- Written by: Frederick Reynolds
- Original language: English
- Genre: Comedy
- Setting: Richmond, Surrey, present day

Premiere
- Date premiered: 8 December 1798
- Place premiered: Theatre Royal, Covent Garden, London

= Laugh When You Can =

1798 play

Laugh When You Can is a 1798 comedy play by the British writer Frederick Reynolds. It premiered at the Theatre Royal, Covent Garden in London on 8 December 1798. The original cast included William Thomas Lewis as Gossamer, Joseph Shepherd Munden as Bonus, Joseph George Holman as Mortimer, John Fawcett as Sambo, John Whitfield as Delville, Edward Townsend as Costly, James Thompson as Farmer Blackbrook, Samuel Simmons as Waiter, Mary Ann Pope as Mrs. Mortimer, Maria Gibbs as Dorothy and Isabella Mattocks as Mrs Gloomly.
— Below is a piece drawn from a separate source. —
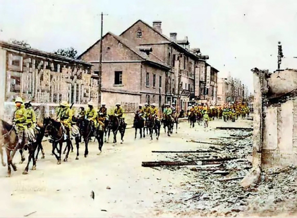 ▲日軍騎兵聯(lián)隊在街上行進(jìn),兩側(cè)是被他們摧毀的建筑。

The Irish premiere was at the Crow Street Theatre in Dublin on Dublin on 17 April 1799.

==Bibliography==
- Greene, John C. Theatre in Dublin, 1745-1820: A Calendar of Performances, Volume 6. Lexington Books, 2011.
- Nicoll, Allardyce. A History of English Drama 1660–1900: Volume IV. Cambridge University Press, 2009.